Sean Bailey

Personal information
- Nationality: Jamaican
- Born: 15 July 1997 (age 28)

Sport
- Sport: Track and Field
- Event: 400m

Medal record
Men's track and field
Representing Jamaica
World U20 Championships
| Bronze medal – third place | 2016 Bydgoszcz | 4×400 m relay |

= Sean Bailey (sprinter) =

Jamaican athlete (born 1997)

Sean Bailey (born 15 July 1997) is a Jamaican athlete.

==Early life==
From Spanish Town, Jamaica and a former St Jago High School athlete, Bailey moved on to competing for the University of Texas-El Paso where he made the NCAA 400 metres final in 2021 before injuring his hamstring in the race.

==Career==
Bailey clocked 45.04 seconds to win the men's 400 metres at the 2021 Jamaican Olympic Trials.
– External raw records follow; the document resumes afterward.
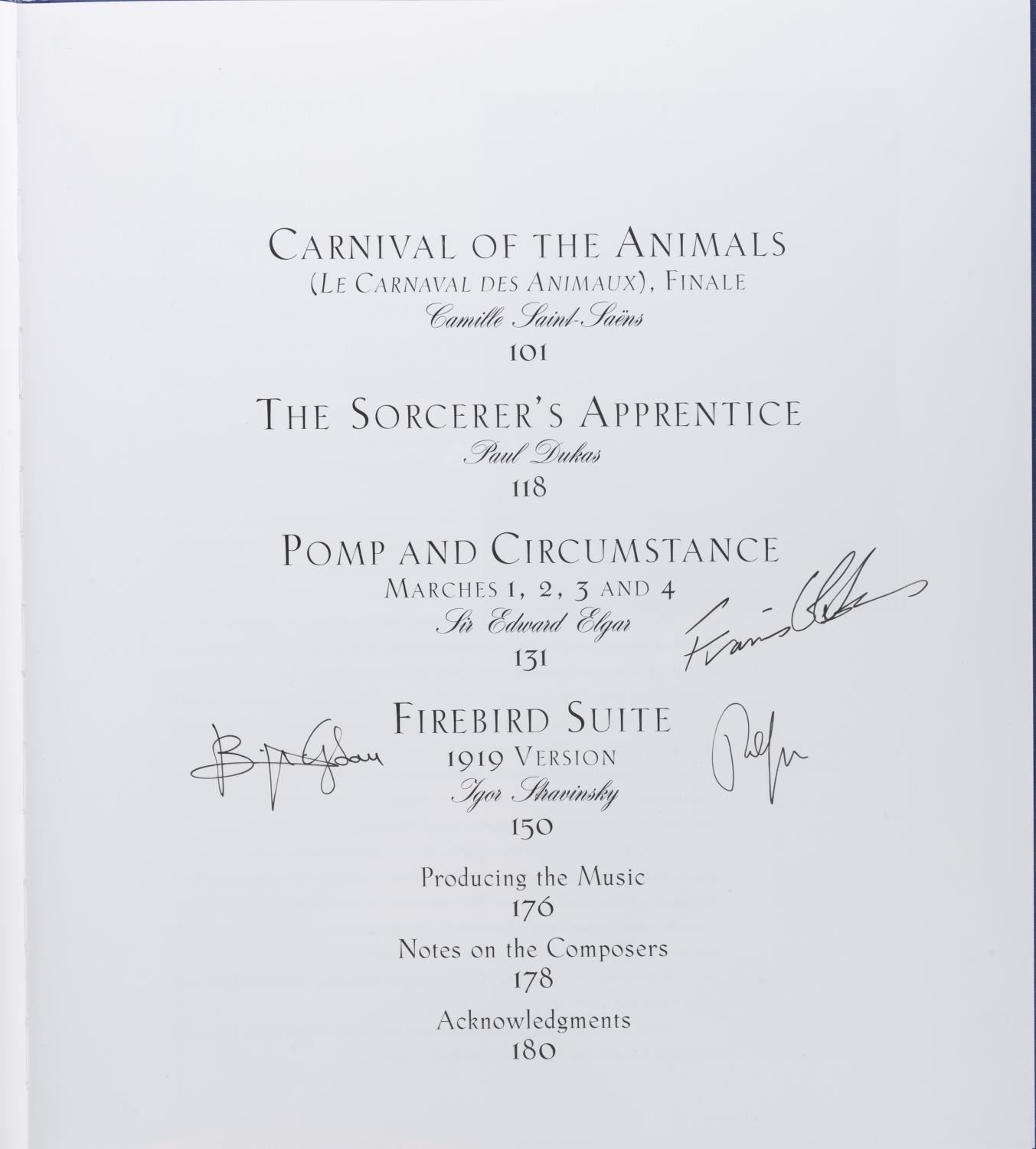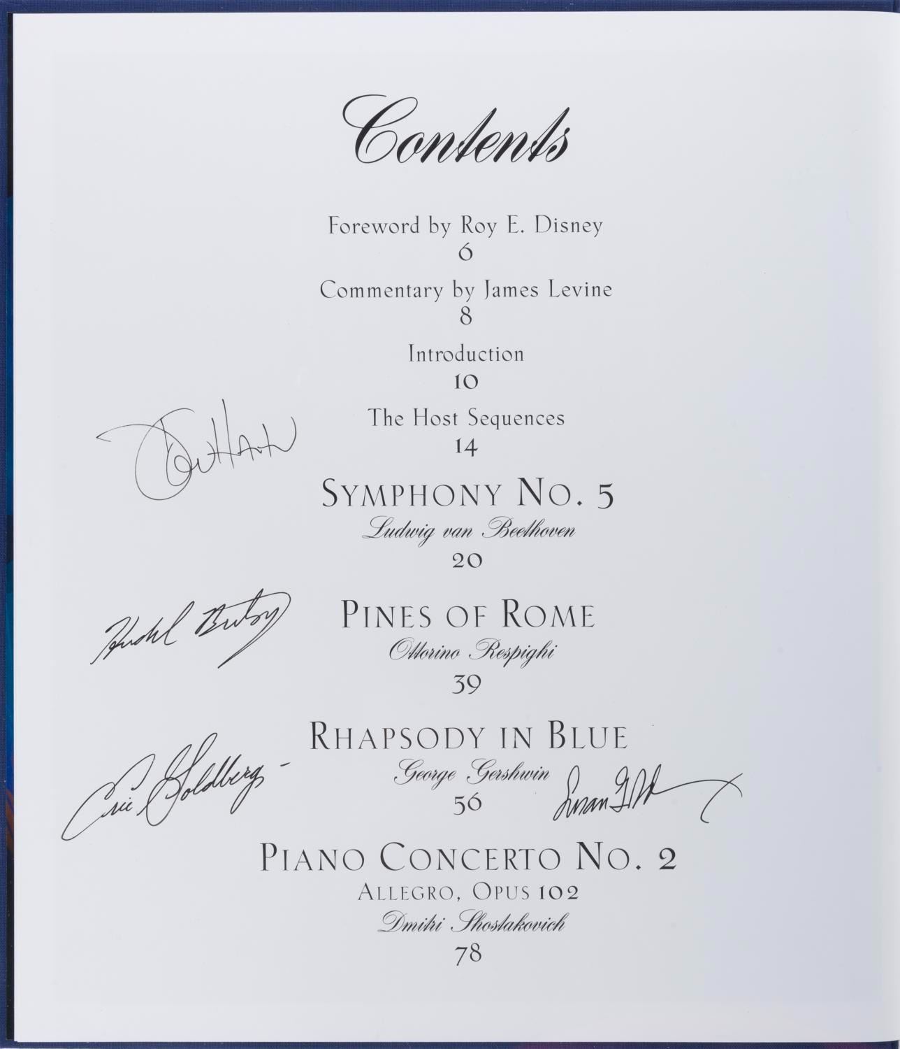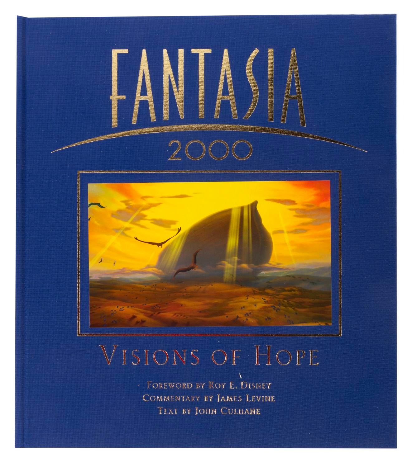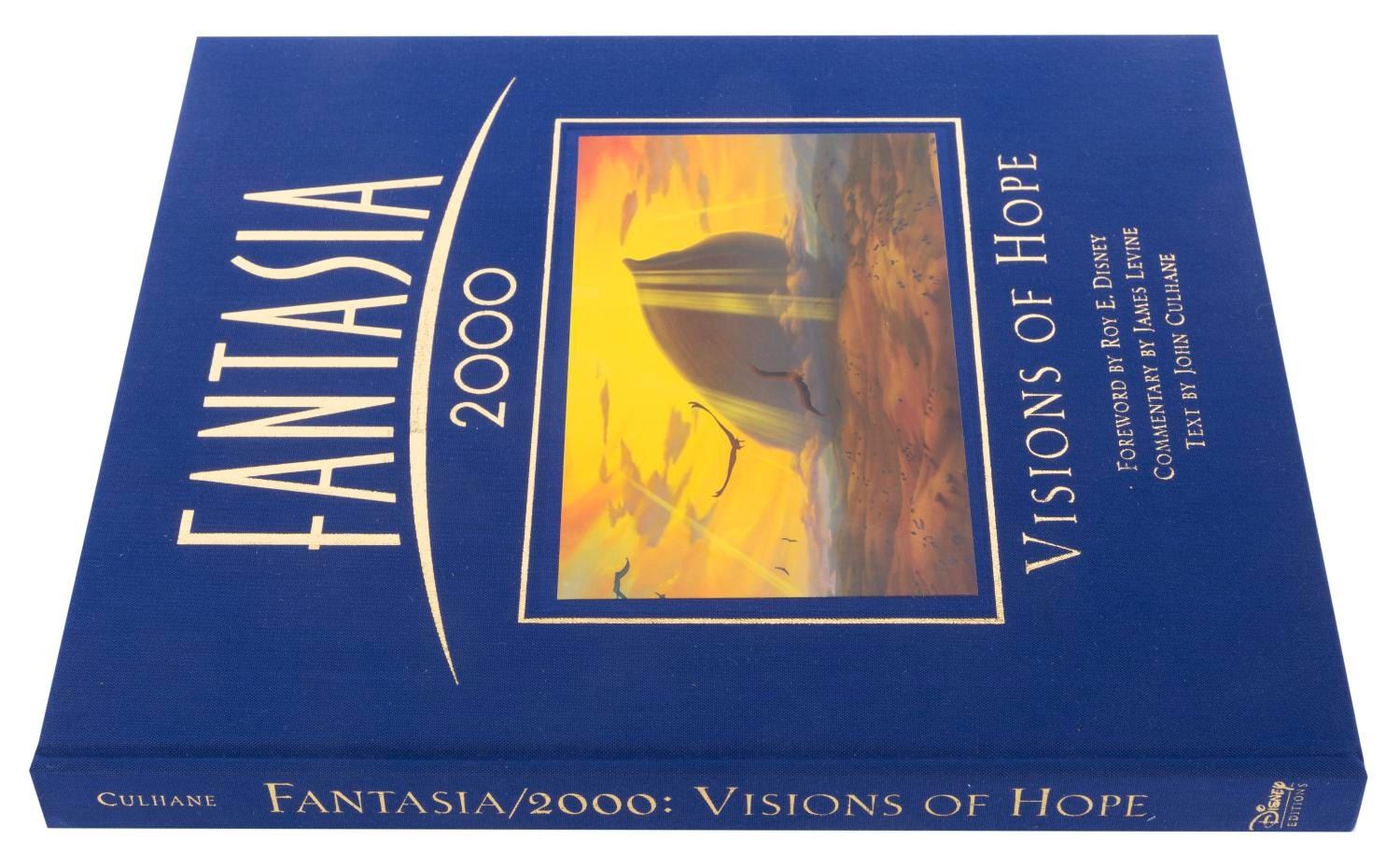 (Disney Editions, 1999) A Fantasia 2000: Visions of Hope hardback book signed by multiple creatives who brought the film to life. The 180-page book includes signatures from directors Eric Goldberg, Francis Glebas, Paul Brizzi, Gaetan Brizzi, Hendel Butoy, art director Susan Goldberg, and producer Don Hahn. Measuring 11.25” x 13”, the book is in very good condition with light scratches and handling wear, while the slipcover is in good condition with scratches, creases, scuffs, and wear.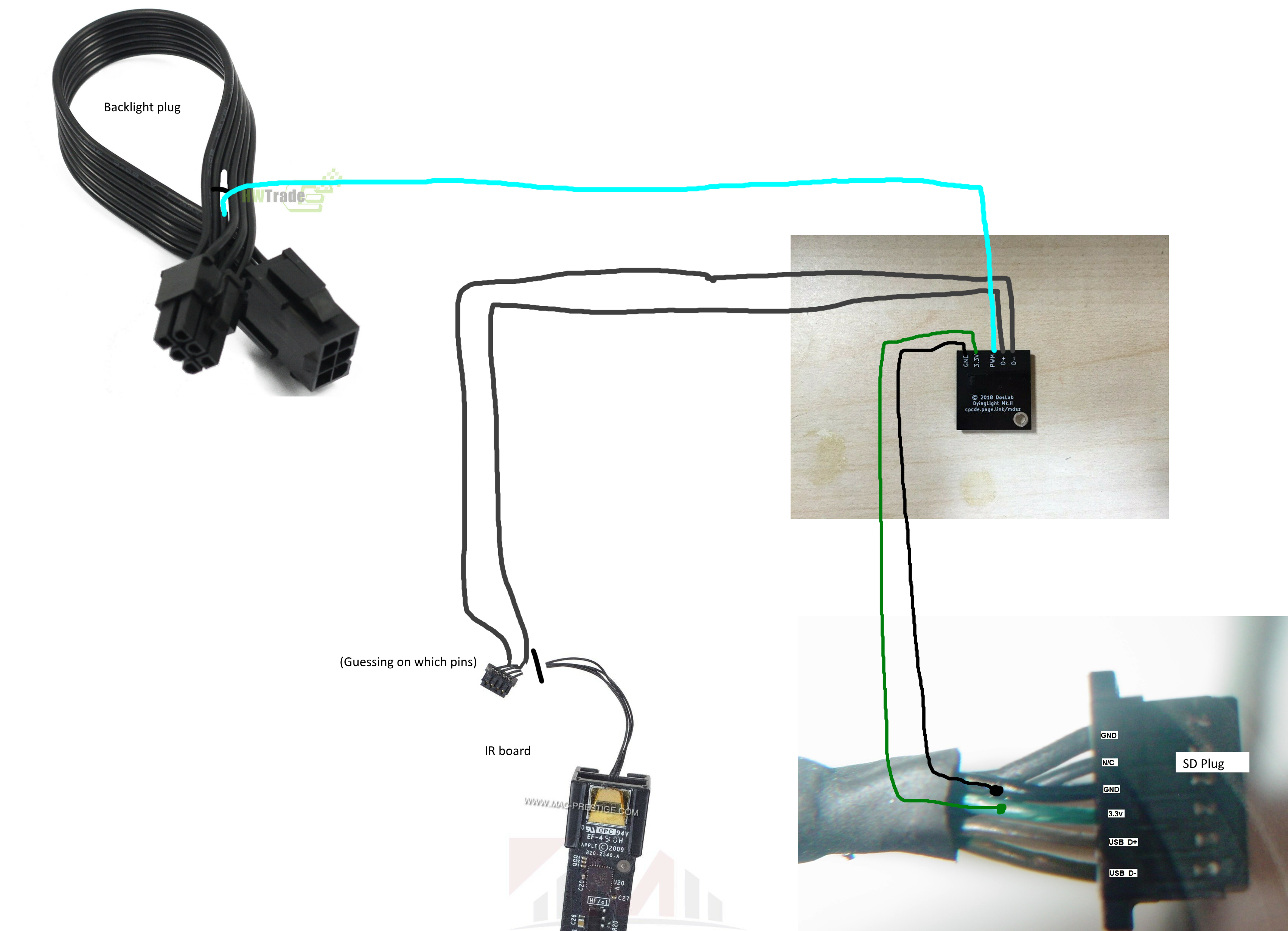 You just cut the PWM wire on the extension (at the female/socket end) and feed ~3v into it to fire the back-light, you can tap 3.3v from the Bluetooth / SD reader cable, or just poke the wire into the right hole (!) on the back of the main PSU connector, & secure with a zip-tie. The PSU pin is SMB_SCL, not really a power rail, but it works.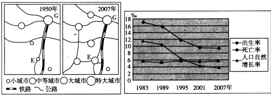 5、综合题 下面左图为“某地区城市发展变化示意图”,右图为“G城人口变化示意图”,读图回答下列问题。(1)据左图归纳出1950~2007年间该地区城市发展变化的特征。
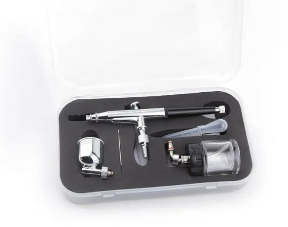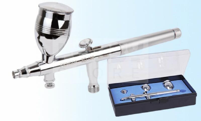 Oldalsó tartályos, belső keverésű, két funkciós szórópisztoly fixálható szórásképpel. Tulajdonságok: - Düzni/tű: Dia. 0.3 mm - Üvegtartály mérete: 7cc és 22cc - Üzemi nyomás: 15-50psi A szórópisztolyhoz levegőkompresszor használata az ajánlott, mert a sűrített levegős palackok nem tudják radikális nyomáscsökkenés nélkül kiszolgálni az eszközt!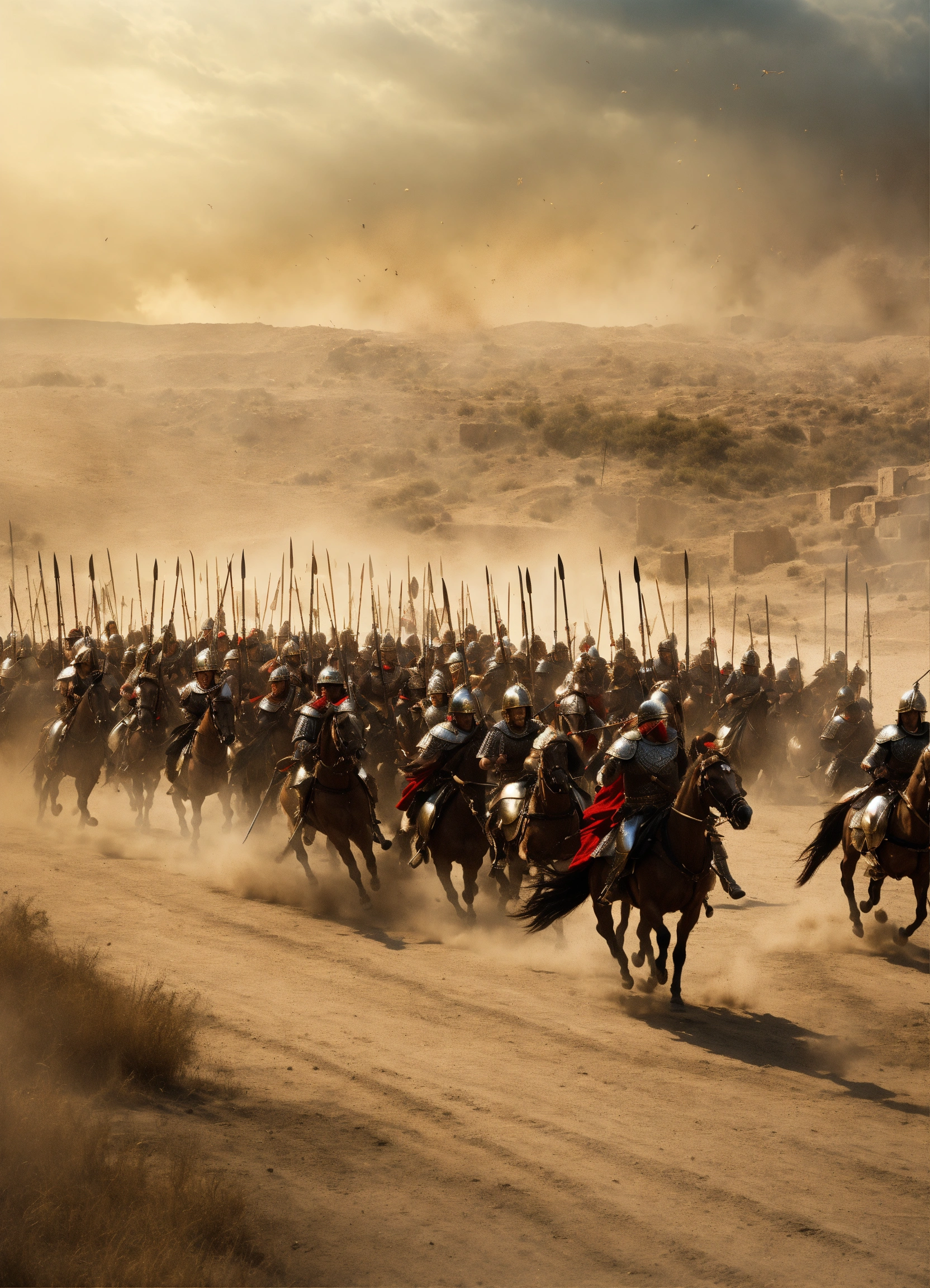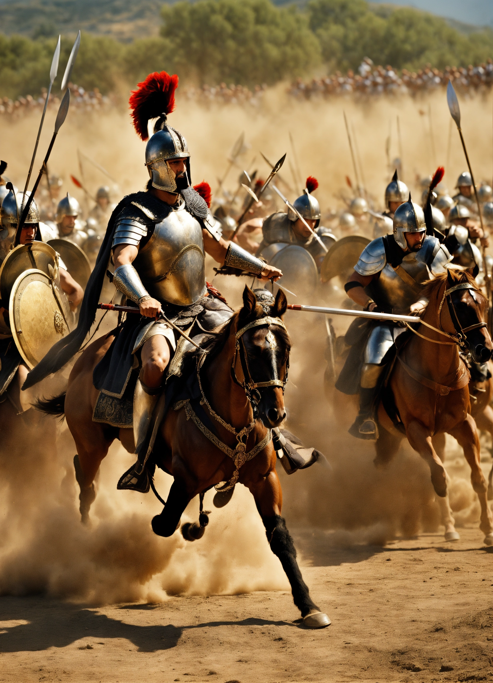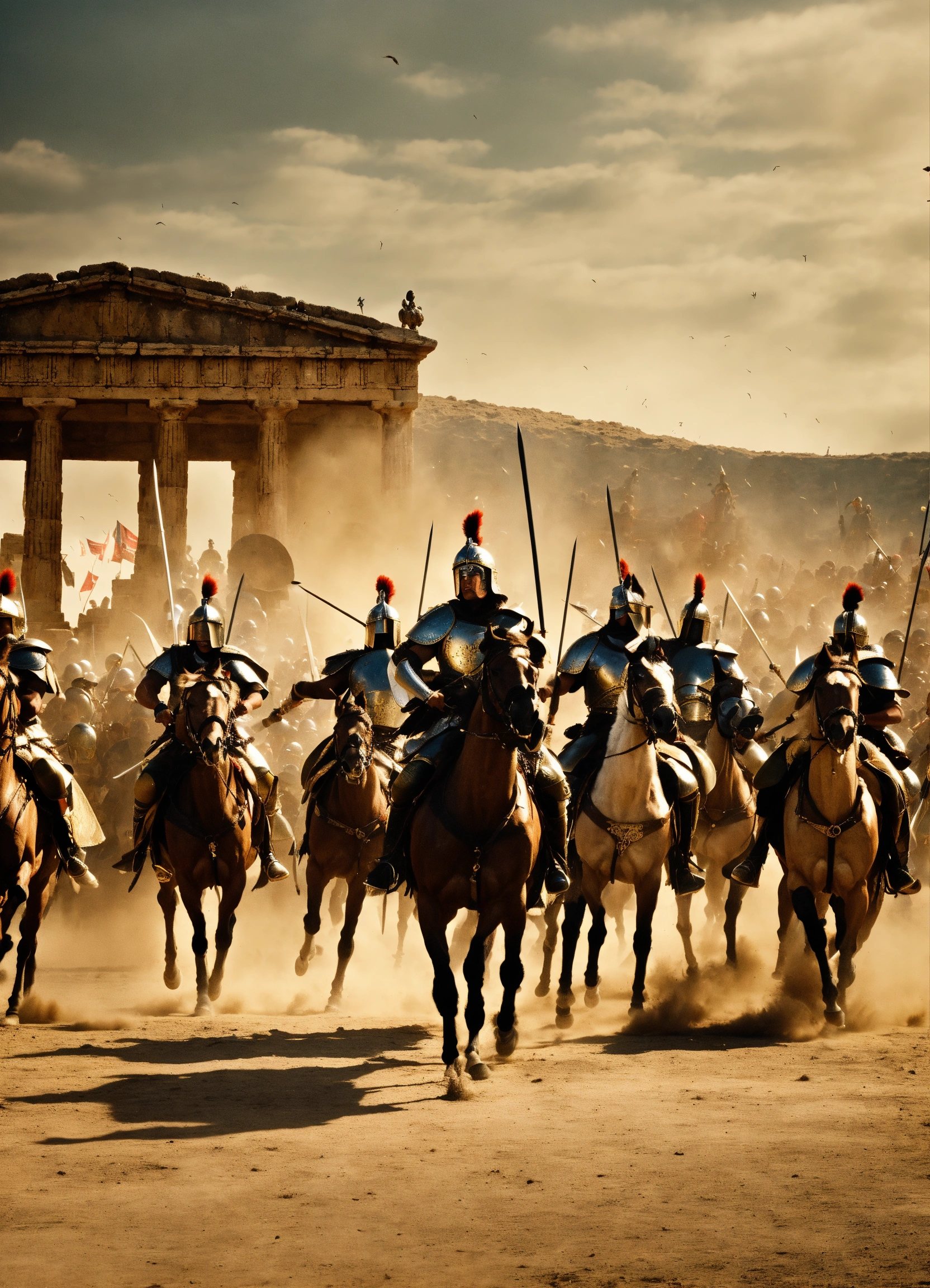 Héctor, aquiles, the moment before the clash, ancient greece, ornate helmets and spears, dusty battlefield, both warriors charging at each other, spectators and soldiers watching in anticipation, wide shot, hyper-realistic, photo realism, cinematography, --ar 916"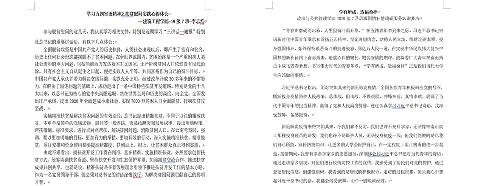 今年是脱贫攻坚的决战决胜之年,我校青年深入一线走访开展调研,扎根基层感悟时代发展。政治与公共管理学院谢梦洁,跟随家乡扶贫办工作人员的脚步,前往贫困村民家中开展结对帮扶,并积极参与当地图书室图书分类工作,指导贫困儿童借阅书刊;建筑工程学院李志浩深入陕西村落,亲身感受贫困户的生活环境,通过走访详细调研当地贫困家庭现状,并尽己所能向贫困户送去慰问物资,深切感受到了新中国成立以来取得的历史性成就,以实际行动助力脱贫攻坚。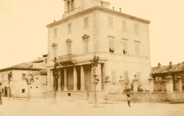 La villa, progettata e costruita nel 1848 dal rinomato Arch. Giovan Battista Carducci, mostra un tipico impianto neoclassico: portico rialzato a sei colonne – due livelli – torrino.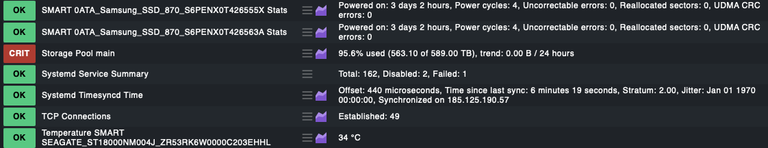 As you can see above the only three devices found by the smart plugin is my two boot SSD’s who are directly connected to my motherboard and one random disk through the HBA, disk /dev/sdp.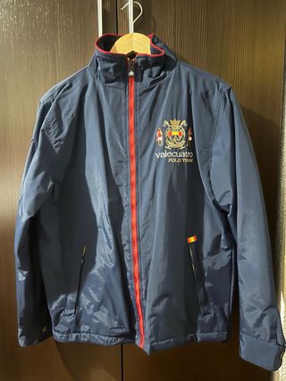 Chaqueta de estilo deportivo con detalles en rojo. - Cierre de cremallera frontal. - Bolsillos laterales con cremallera. - Escudo bordado en el pecho. - Detalle de la bandera española en la manga.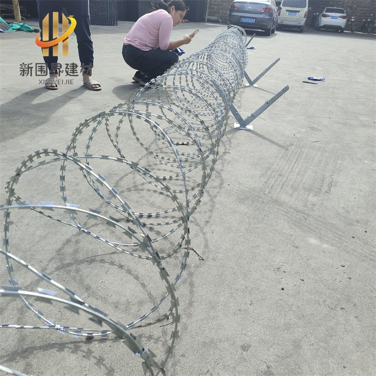 采用鋼板(刀板)沖壓成型包附于熱鍍鋅鋼絲(芯線)之上,由銳利尖角鍍鋅鋼板或不銹鋼薄板做刀片,高張力鋼絲做芯線組合而成的。BTO-22為國內最常用型號(其它型號也可以訂做)。

He was named in the Jamaican Olympic team for the delayed 2020 Summer Games in Tokyo having qualified through his world ranking. In Tokyo, Bailey participated in the mixed 4 × 400 m relay and finished seventh in the final.

Bailey won the Jamaican men's title again in July 2023, running 44.48 seconds, ahead of Antonio Watson in second and Jevaughn Powell in third.

Bailey was selected for the 2023 World Athletics Championships in Budapest in 2023, where he finished fifth in the final of the 400 metres.

In April 2024, he was selected as part of the Jamiacan team for the 2024 World Athletics Relays in Nassau, Bahamas. He competed at the 2024 Summer Olympics over 400 metres in August 2024.

He reached the final of the 400 metres at the Jamaican Athletics Championships in June 2025.

==Personal life==
Bailey is the brother of Veronica Campbell-Brown.